__Work to complete__
Below are the entries to work from; restate word for word the portion that opens with the line containing "Toyota Avensis D4D, 2.0, 1AD-FTV, 2008" and closes with the line containing "11月15日,为鼓励同学们表", keeping both.

__Provided records__

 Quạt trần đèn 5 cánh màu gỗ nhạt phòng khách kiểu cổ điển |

* * *

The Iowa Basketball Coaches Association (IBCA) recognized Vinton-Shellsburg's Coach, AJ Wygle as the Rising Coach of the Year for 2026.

* * *

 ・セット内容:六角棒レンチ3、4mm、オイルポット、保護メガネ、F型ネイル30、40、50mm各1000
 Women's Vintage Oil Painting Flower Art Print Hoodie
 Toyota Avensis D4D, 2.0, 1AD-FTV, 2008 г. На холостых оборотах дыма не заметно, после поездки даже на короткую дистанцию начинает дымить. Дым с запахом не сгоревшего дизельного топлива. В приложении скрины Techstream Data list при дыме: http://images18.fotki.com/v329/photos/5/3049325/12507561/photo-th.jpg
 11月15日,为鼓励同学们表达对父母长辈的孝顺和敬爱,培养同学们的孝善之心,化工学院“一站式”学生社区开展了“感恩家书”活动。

__Written answer__
 Toyota Avensis D4D, 2.0, 1AD-FTV, 2008 г. На холостых оборотах дыма не заметно, после поездки даже на короткую дистанцию начинает дымить. Дым с запахом не сгоревшего дизельного топлива. В приложении скрины Techstream Data list при дыме: http://images18.fotki.com/v329/photos/5/3049325/12507561/photo-th.jpg
 11月15日,为鼓励同学们表达对父母长辈的孝顺和敬爱,培养同学们的孝善之心,化工学院“一站式”学生社区开展了“感恩家书”活动。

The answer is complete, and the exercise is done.